──────── Recorded information ────────

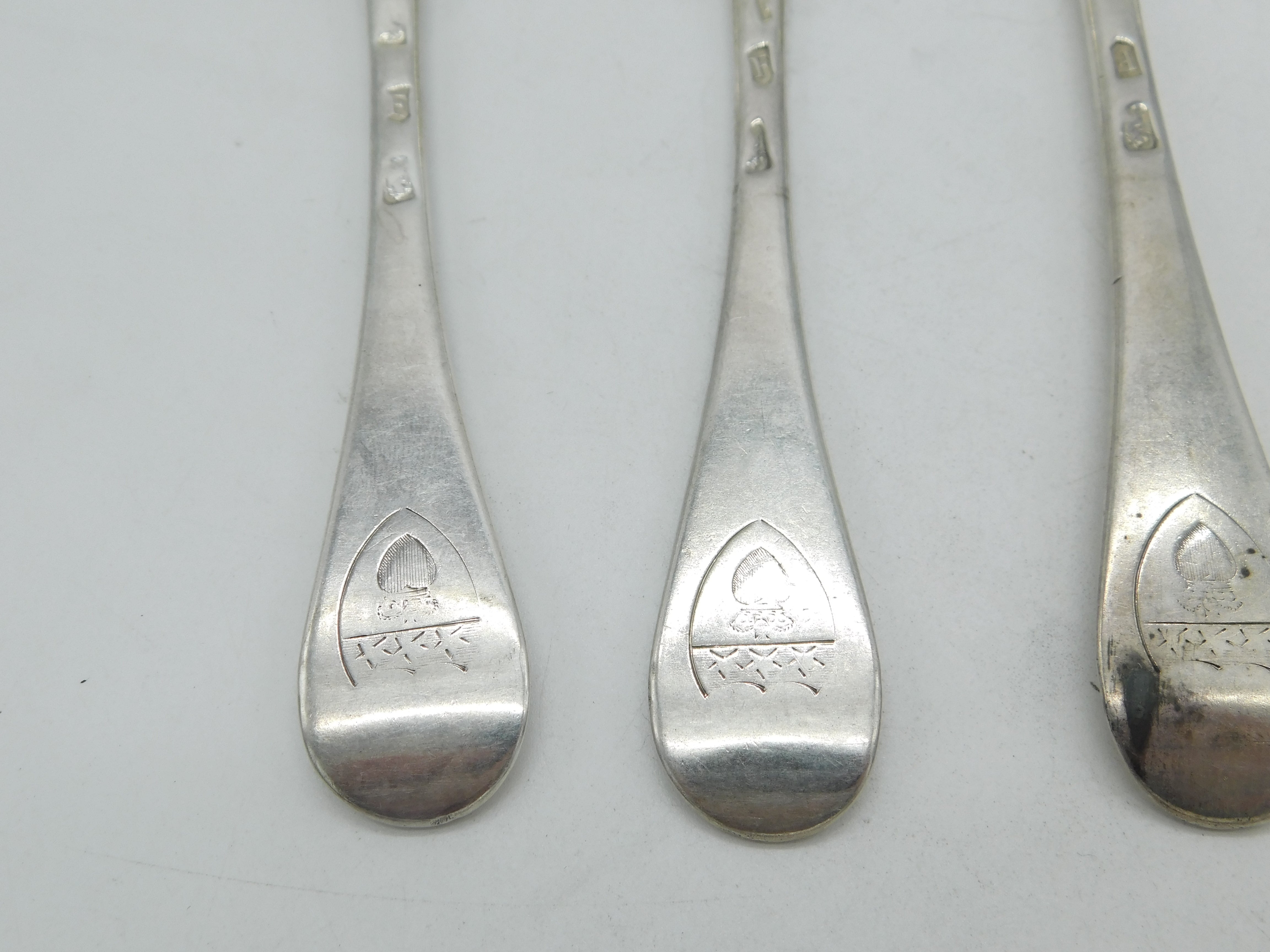 Details: A fantastic and wonderfully designed antique early georgian set of four britannia standard silver rat tail serving spoons with superb armorial crests engraved to the reverse of the terminals depicting an image of a heart surmounted by a crown, each spoon clearly hallmarked London 1721 by Andrew Archer. A wonderful early collection. This is a wonderful item that would make a perfect gift or addition to any collection. The BOX pictured is for PRESENTATION ONLY and is NOT included in the listings but used to frame the pictures unless specifically stated otherwise.
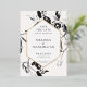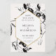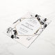 On this modern wedding Save the Date card, a gorgeous black and white flower design is complemented with a real foil golden geometrical frame and elegant wordings in dark grey serif fonts. The reverse of the card is a solid dark grey tone that may be personalised with the couple's monograms in white serif fonts. This Save the Date card is part of our "Black & White Flowers Wedding" collection, which also contains matching pieces for a complete wedding suite.
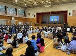 人権集会では、SDGs委員会の活動紹介や、いいかも班での「ふわふわばくだんゲーム」を通して、友達の意見を認め合う体験をしました。また、児童は「いじめ防止のために自分ができること」を折り紙で折ったピンクシャツに書き、模造紙に貼り出しました。
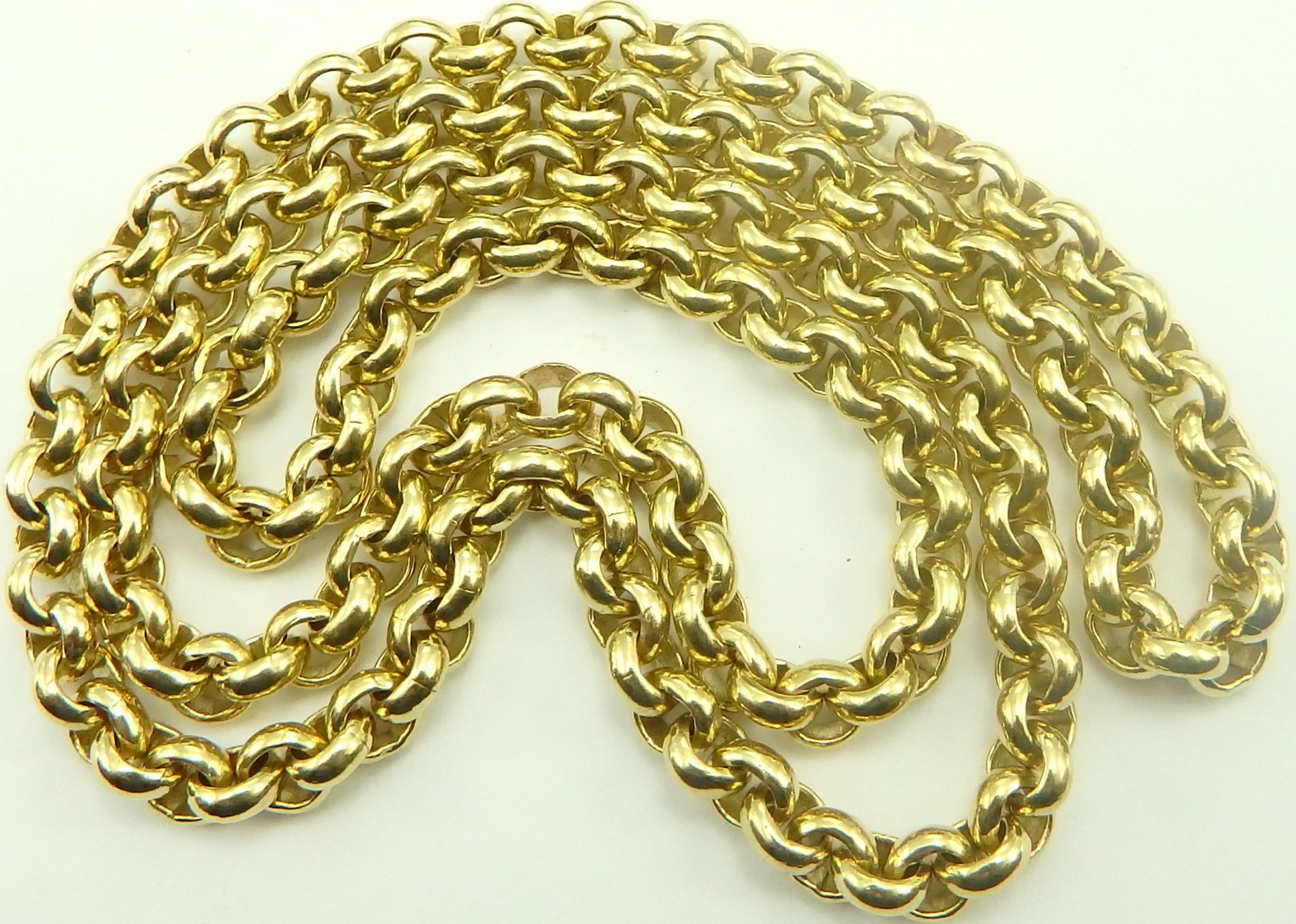 Long belcher chain clearance, Heavy 9ct solid gold 24 inch long yellow gold belcher neck chain weighs 66 grams | Ian Burton clearance
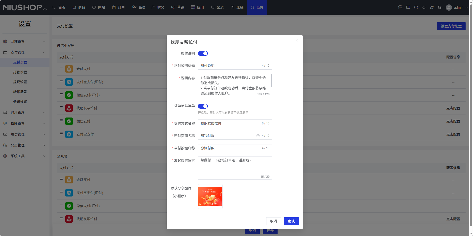 - 是否启用:开启或关闭找朋友代付
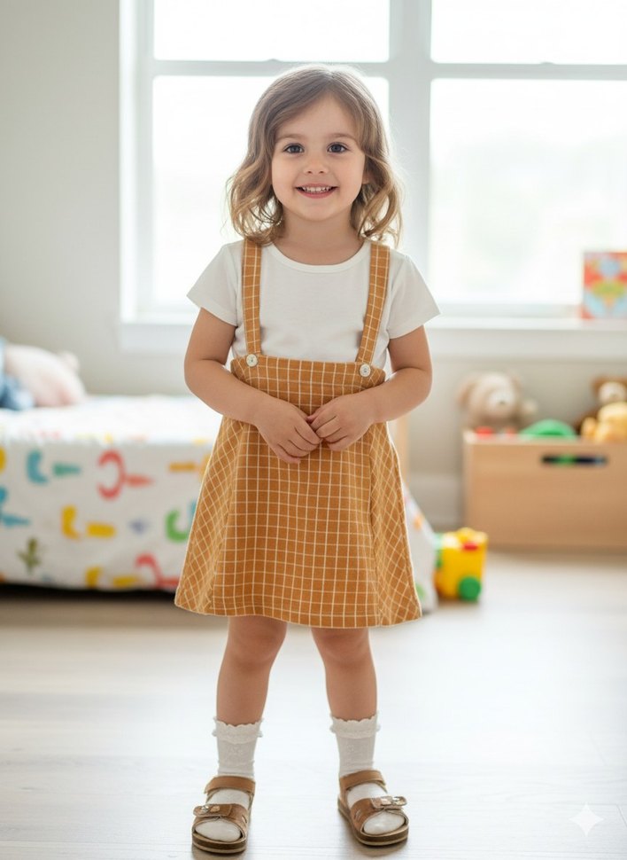 Pamuk kumaştan yapılmış, bej renkli kareli, askılı ve kısa kollu rahat kesim kız çocuk elbisesi.
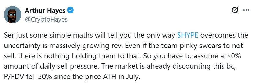 BitMEX co-founder Arthur Hayes issued a blunt warning that the upcoming unlocking event introduces unavoidable selling pressure for the token. He said that insider assurances cannot eliminate uncertainty
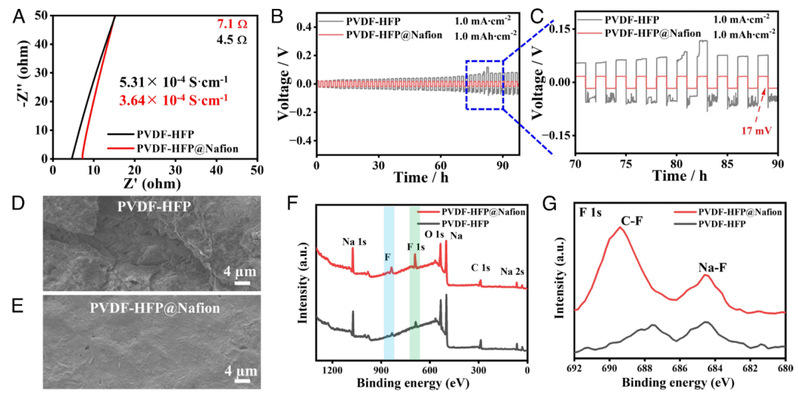 对Na+离子电导率进行了测试,由EIS结果(图3A)可知,PVDF-HFP膜中引入Nafion层使阻抗从4.5 Ω增加到7.1 Ω, Na+离子电导率从5.31×10-4 S cm-1降低到3.64×10-4 S cm-1。由于电解质吸收量的增加缓和了阻抗的增加,离子电导率仍然保持在较高的水平(10-4 S cm-1)。通过恒流放电和充电评价了PVDF-HFP+NaOTF/G2和QPE对称电池的循环稳定性。可以明显地观察到,PVDF-HFP+NaOTF/G2基对称电池在1.0 mA cm-2和1.0 mAh cm-2条件下,电压分布表现出巨大的电压波动。相反,PVDF-HFP@Nafion+NaOTF/G2基对称电池的电压分布保持稳定,过电位低得多,约为17 mV,如图3b和C所示。
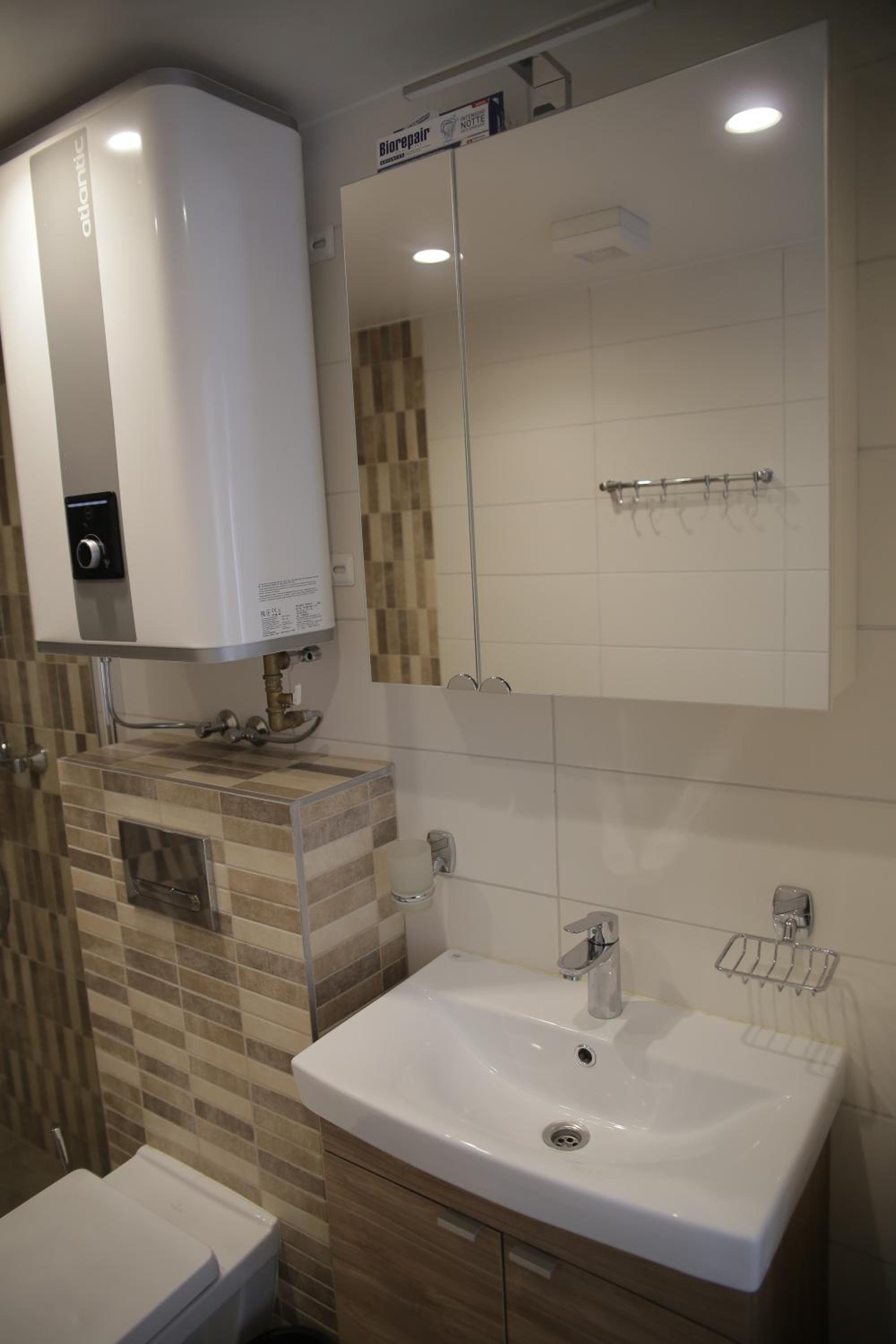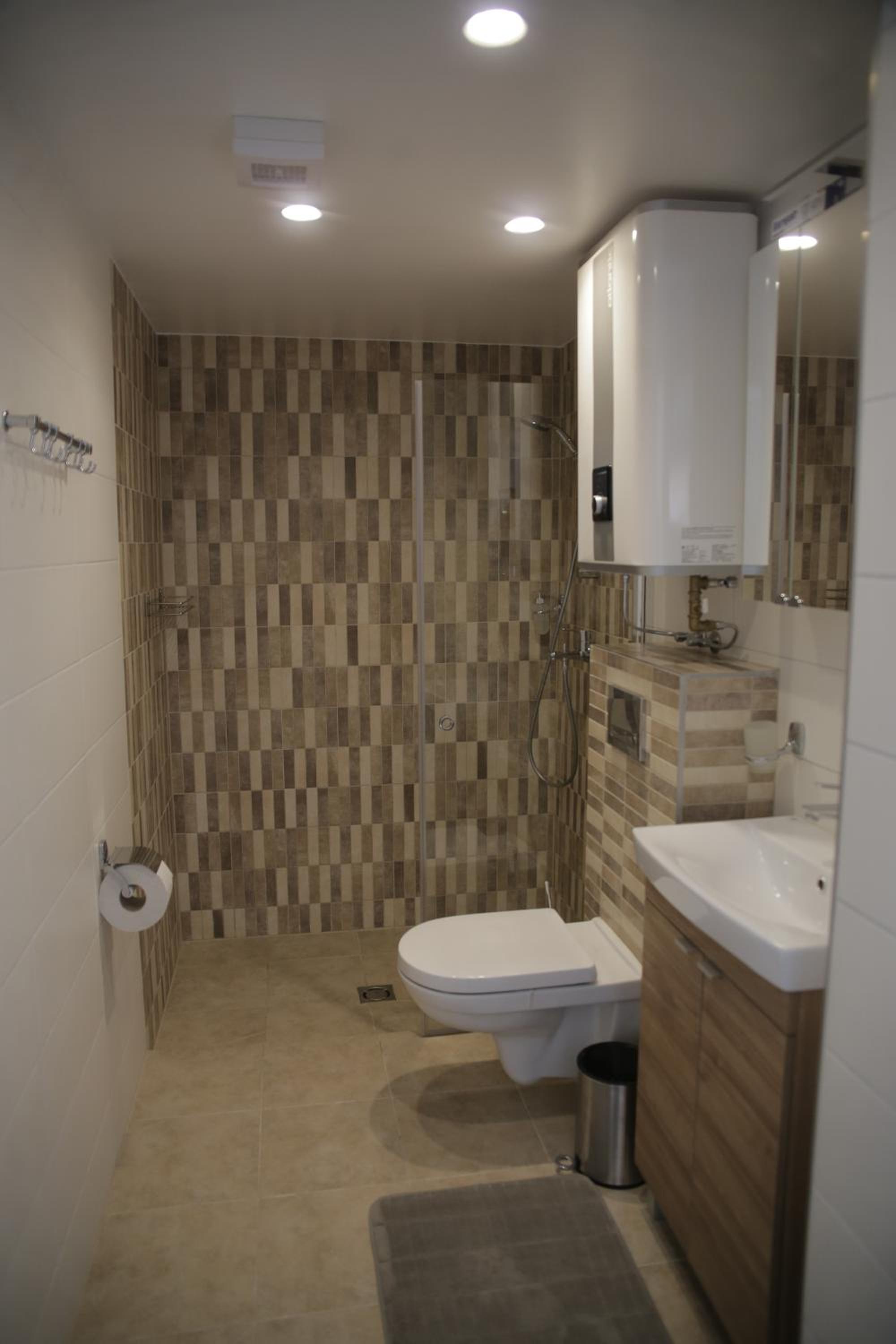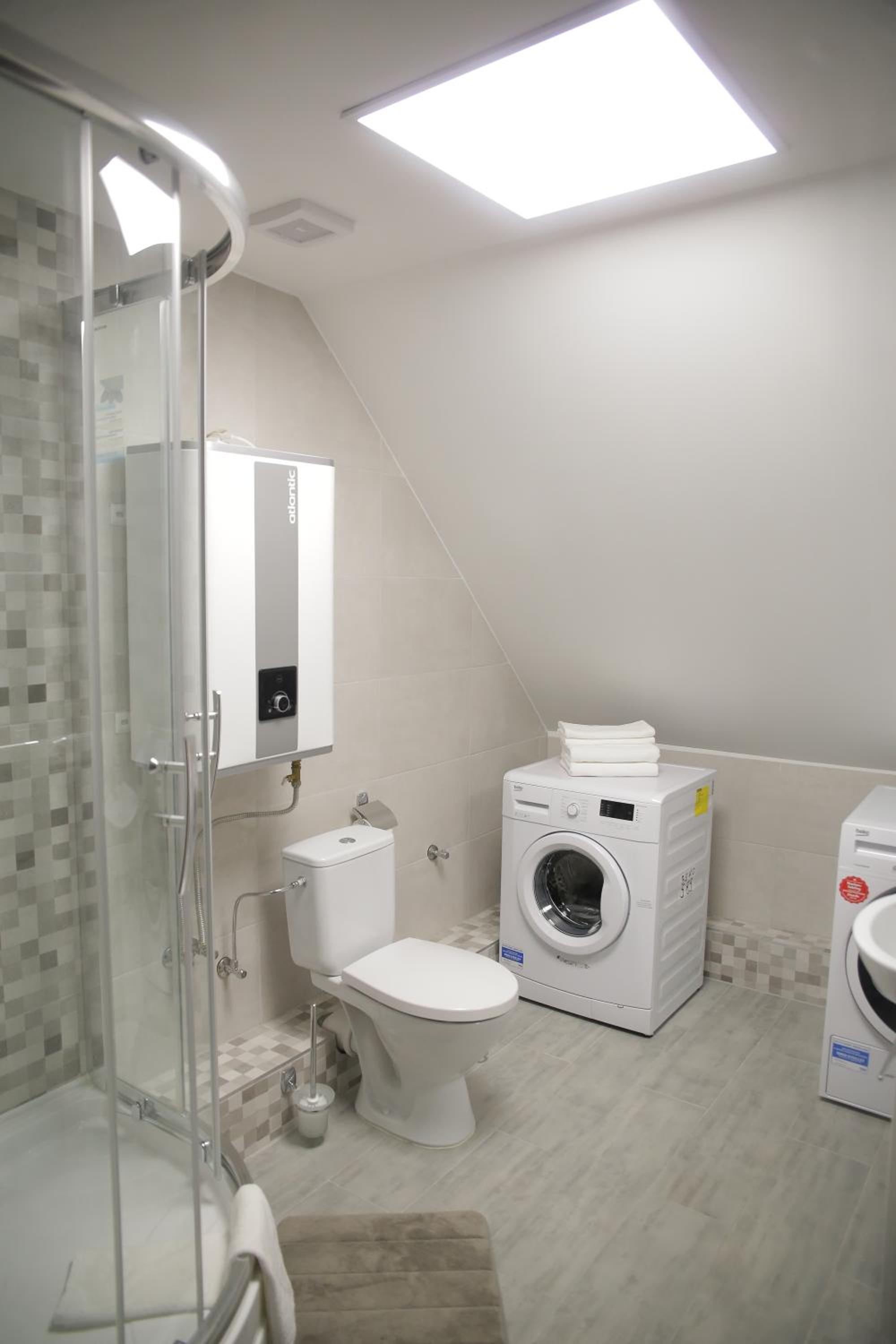 The place seemed a little quickly-built. Not very comfortable with little children. The bathroom door had no lock. There was not enough forks in the kitchen, the essentials were run out. The bakery downstairs was closed.
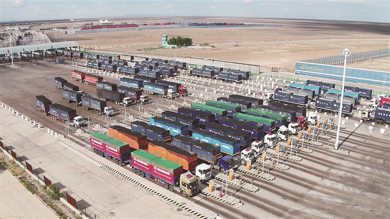 跨境运输车辆在策克口岸“十进六出”凭货运通道有序通关。
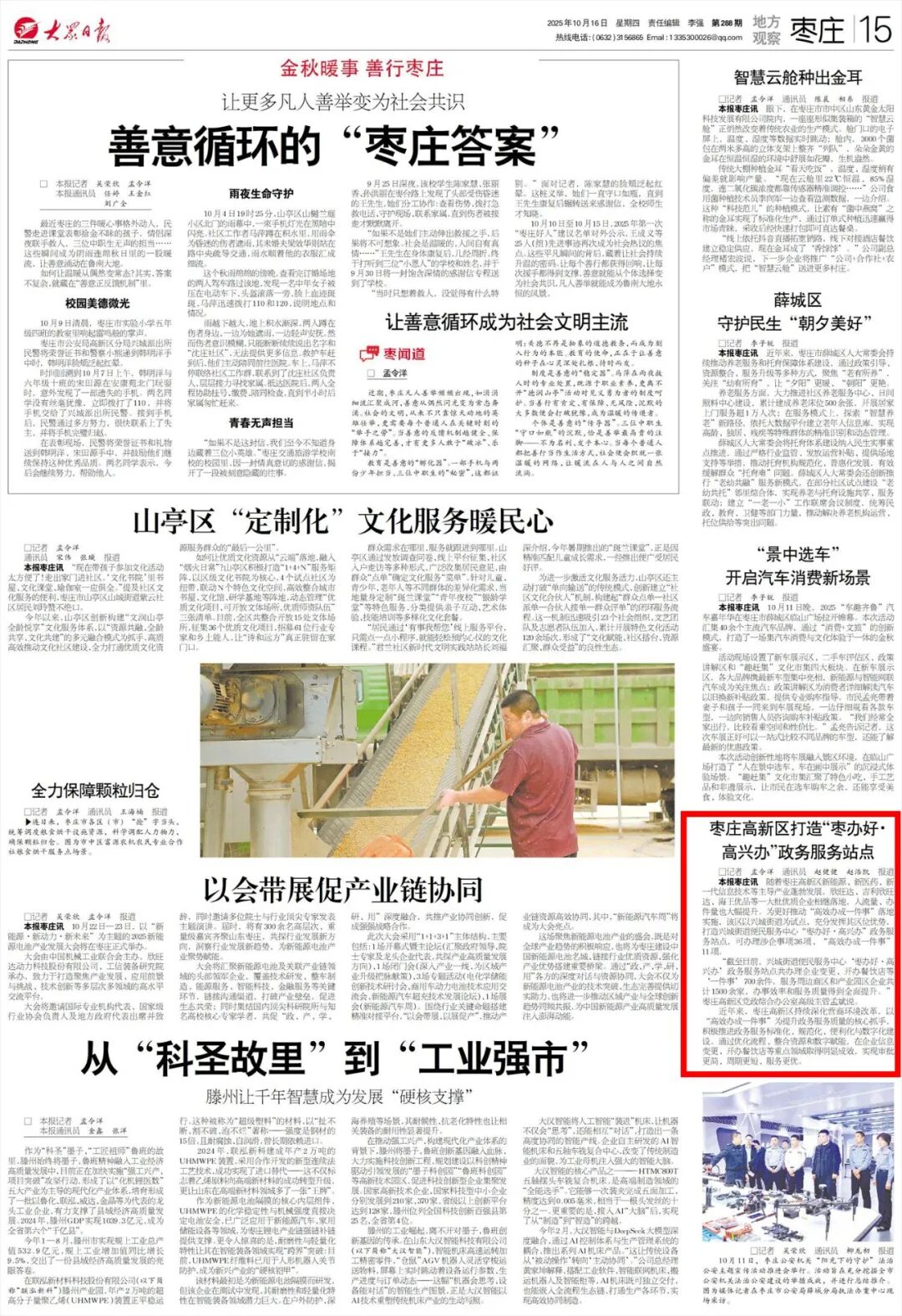 大众日报关注我区:枣庄高新区打造“枣办好·高兴办”政务服务站点

────────

Reproduce every record above exactly, but leave out the pictures.

 Details: A fantastic and wonderfully designed antique early georgian set of four britannia standard silver rat tail serving spoons with superb armorial crests engraved to the reverse of the terminals depicting an image of a heart surmounted by a crown, each spoon clearly hallmarked London 1721 by Andrew Archer. A wonderful early collection. This is a wonderful item that would make a perfect gift or addition to any collection. The BOX pictured is for PRESENTATION ONLY and is NOT included in the listings but used to frame the pictures unless specifically stated otherwise.
 On this modern wedding Save the Date card, a gorgeous black and white flower design is complemented with a real foil golden geometrical frame and elegant wordings in dark grey serif fonts. The reverse of the card is a solid dark grey tone that may be personalised with the couple's monograms in white serif fonts. This Save the Date card is part of our "Black & White Flowers Wedding" collection, which also contains matching pieces for a complete wedding suite.
 人権集会では、SDGs委員会の活動紹介や、いいかも班での「ふわふわばくだんゲーム」を通して、友達の意見を認め合う体験をしました。また、児童は「いじめ防止のために自分ができること」を折り紙で折ったピンクシャツに書き、模造紙に貼り出しました。
 Long belcher chain clearance, Heavy 9ct solid gold 24 inch long yellow gold belcher neck chain weighs 66 grams | Ian Burton clearance
 - 是否启用:开启或关闭找朋友代付
 Pamuk kumaştan yapılmış, bej renkli kareli, askılı ve kısa kollu rahat kesim kız çocuk elbisesi.
 BitMEX co-founder Arthur Hayes issued a blunt warning that the upcoming unlocking event introduces unavoidable selling pressure for the token. He said that insider assurances cannot eliminate uncertainty
 对Na+离子电导率进行了测试,由EIS结果(图3A)可知,PVDF-HFP膜中引入Nafion层使阻抗从4.5 Ω增加到7.1 Ω, Na+离子电导率从5.31×10-4 S cm-1降低到3.64×10-4 S cm-1。由于电解质吸收量的增加缓和了阻抗的增加,离子电导率仍然保持在较高的水平(10-4 S cm-1)。通过恒流放电和充电评价了PVDF-HFP+NaOTF/G2和QPE对称电池的循环稳定性。可以明显地观察到,PVDF-HFP+NaOTF/G2基对称电池在1.0 mA cm-2和1.0 mAh cm-2条件下,电压分布表现出巨大的电压波动。相反,PVDF-HFP@Nafion+NaOTF/G2基对称电池的电压分布保持稳定,过电位低得多,约为17 mV,如图3b和C所示。
 The place seemed a little quickly-built. Not very comfortable with little children. The bathroom door had no lock. There was not enough forks in the kitchen, the essentials were run out. The bakery downstairs was closed.
 跨境运输车辆在策克口岸“十进六出”凭货运通道有序通关。
 大众日报关注我区:枣庄高新区打造“枣办好·高兴办”政务服务站点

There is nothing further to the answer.